Mourir sous les néons de l’hosto ou chez soi, telle est parfois la dernière alternative d’une vie. D’après Rémi, la plupart des personnes décèdent au calme, dans une chambre de l’hôpital. Il arrive toutefois que certaines aient l’énergie de retrouver leur nid. « J’ai connu le cas d’un patient âgé, dans un état nécessitant une médication intensive pour être maintenu en vie, et pour lequel il n’y avait aucun espoir de guérison. Ce patient était toutefois conscient et désirait fortement mourir chez lui. Grâce au fait qu’un grand nombre des membres de sa famille travaillaient dans le milieu médical et pouvaient donc assurer les soins, un retour à domicile a pu être organisé. Il a fini par décéder dans les 48 heures suivant sa sortie, mais chez lui et entouré des siens. »

Sommes-nous tous égaux à l’heure de la fin de vie ? Les traitements sont-ils les mêmes en fonction des ressources du patient ? Qu’arrive-t-il à une personne sans mutuelle, voire sans Sécu, par exemple ? «  En réanimation, heureusement, il n’y a pas de différence de soins selon le niveau de richesse. On ne se pose jamais la question des moyens financiers du patient avant de faire un soin ou un examen. Néanmoins, la Sécu ne rembourse que 80 % des frais de séjour – c’est-à-dire actes et examens exclus, qui ont chacun des taux de remboursement particuliers. Cela peut entraîner une dette élevée pour quelqu’un qui n’aurait pas de mutuelle. Des assistantes sociales travaillent au sein de l’hôpital afin de trouver des solutions pour ces personnes, mais ça n’est pas toujours facile. »

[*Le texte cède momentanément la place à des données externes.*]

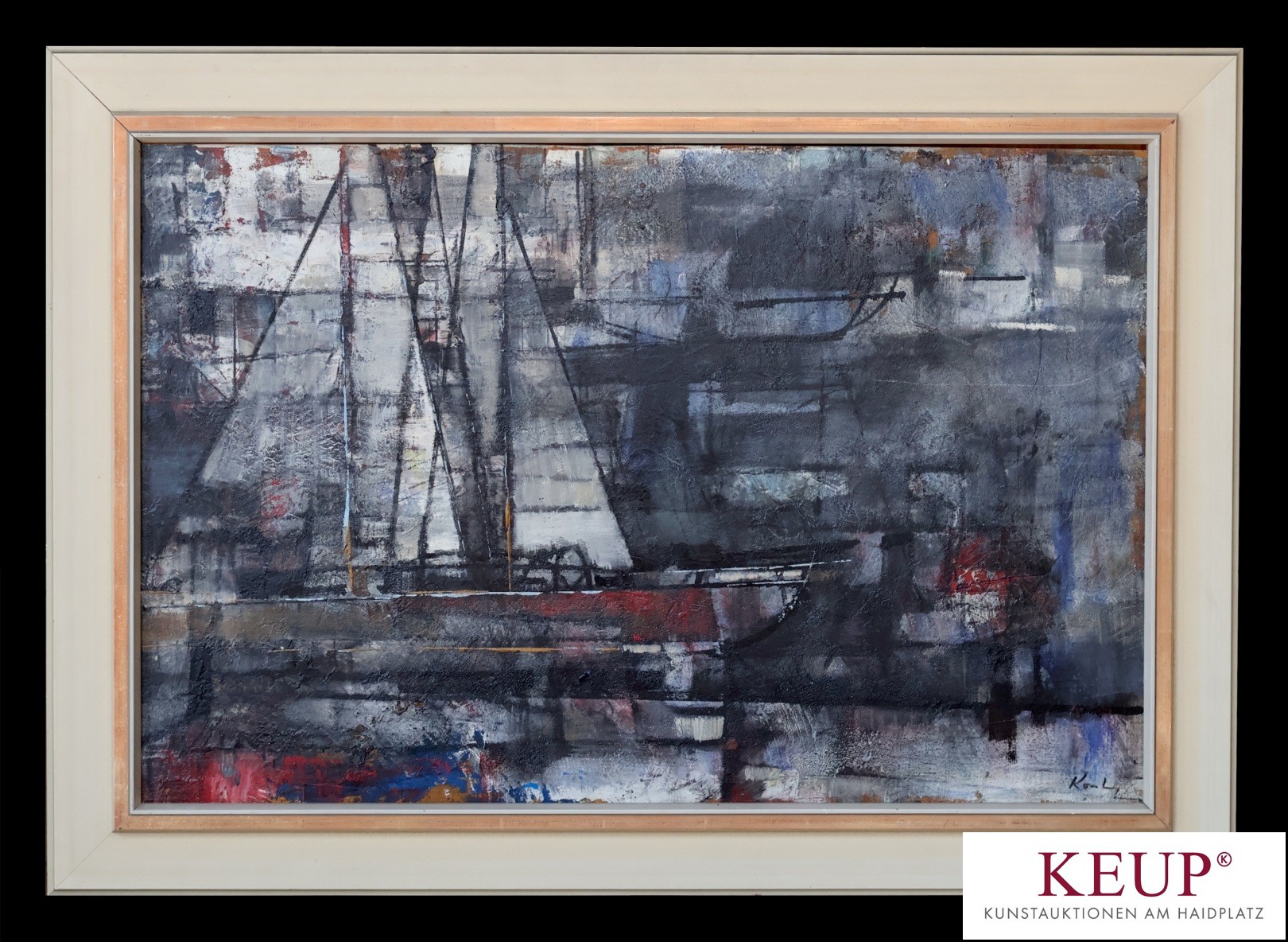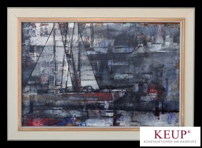 Gemälde - abstrakter anonymer Künstler (XX.Jahrhundert) ''Segelboot'', r.u. undeutlich signiert, Öl auf Malerpappe, Maße Darstellung ca. 60x90 cm, Rahmen

Dans un registre plus encourageant, le métier de Rémi consiste aussi à sauver des vies. Assez souvent, il voit des patients reprendre le cours de leur existence à la sortie de son service. « Quand cela arrive, c’est toujours réconfortant, c’est une joie, un accomplissement. On se dit qu’on fait œuvre utile, que ça vaut le coup de se démener. Mais ce n’est jamais une fierté personnelle, car c’est le résultat d’un travail d’équipe. »

En service sur des périodes de douze heures d’affilée, de jour ou de nuit, Rémi sait qu’il ne tiendra pas le coup en « réa » jusqu’à 60 ans. « Le rythme biologique est mis à rude épreuve. Mais pour l’instant, j’aime beaucoup mon métier. Il n’y a pas de routine, on vit des moments forts, on travaille avec des humains, on n’est pas derrière un ordi toute la journée. Cette expérience aura profondément changé mon rapport à la mort. Mais elle ne m’aura pas non plus transformé en machine. Quand mon grand-père est décédé récemment, ça a été une réelle peine. Je ne me suis pas senti moins sensible. »

Le dossier "La mort qui tue"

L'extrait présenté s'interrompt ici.